Segundo o IBGE, 40 mil crianças em Alagoas passam fome enquanto o Ministério Público revela uma folha de marajás com salários três vezes maiores que um do ministro do STF na Assembleia Legislativa. Nós chegamos ao fim da nossa história?

Nossa divida social é escabrosa, indecente e nela estão educação e saúde em primeiro lugar. O recorde de desigualdade social, a distância entre os mais ricos e os mais pobres, explicam a miséria e os indicadores que nos envergonham. Quando assistimos calados, como se fosse a coisa mais normal do mundo, as escolas públicas fechadas, anos para intermináveis reparos, o calendário escolar interrompido e sem fechar nunca, a contratação de monitores regularmente., a falta de uma educação integral com esporte, musica, teatro,literatura, bibliotecas, oficinas, nós encontramos a razão de nossos indicadores de miséria e de máxima violência. Entendo que não há razão para deplorar nossa emancipação. È um processo histórico e a autonomia é construída por cada geração. Será que não falhamos todos com nosso omissão? Quanto ao “fim da história” preconizado por Francis Fukuyama na década de 90,no bojo de uma seria crise ideológica, ele deu com os burros nagua completamente.

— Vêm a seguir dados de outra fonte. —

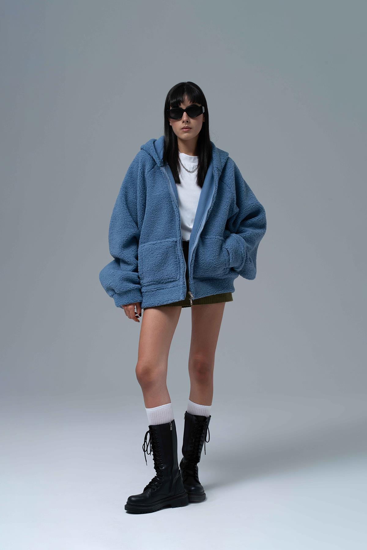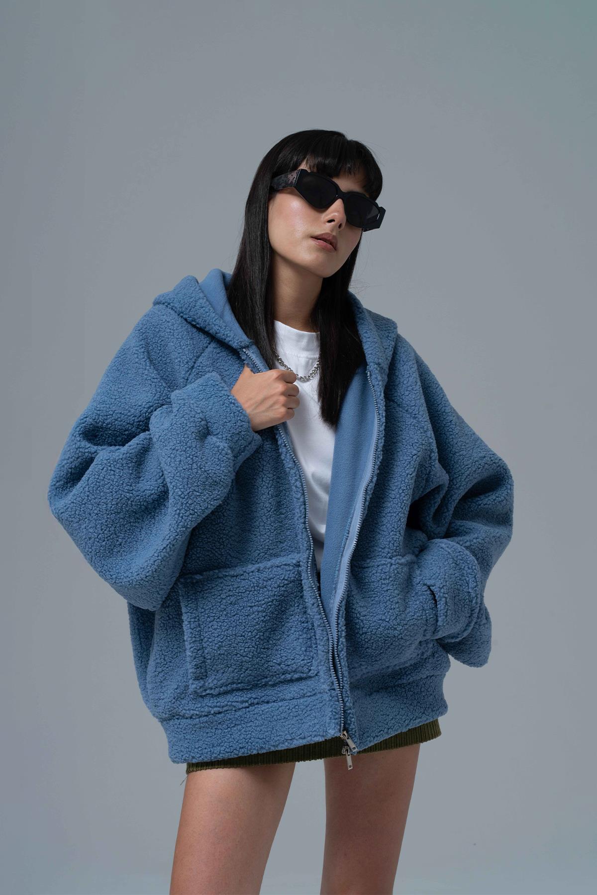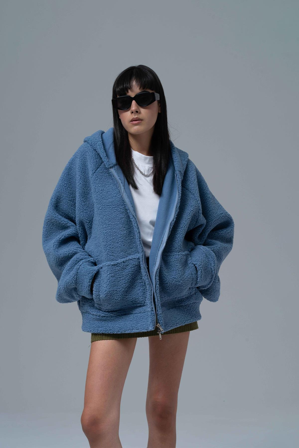 %100 Polyester Kanguru cepli ve kapüşonlu oversize hoodie.

A nova ordem capitalista sem guerras, um mundo dourado de forte desenvolvimento econômico das nações , uma era de plena democracia e igualdade social, onde inexistiria fatos históricos relevantes foi um sonho de uma noite de verão do historiador norte-americano. Por isso “mutatis mutandis” o fim da história alagoana não existirá. A História sempre se transforma através de desvios. A crise alagoana abre incertezas e possibilidades. O exercício da cidadania.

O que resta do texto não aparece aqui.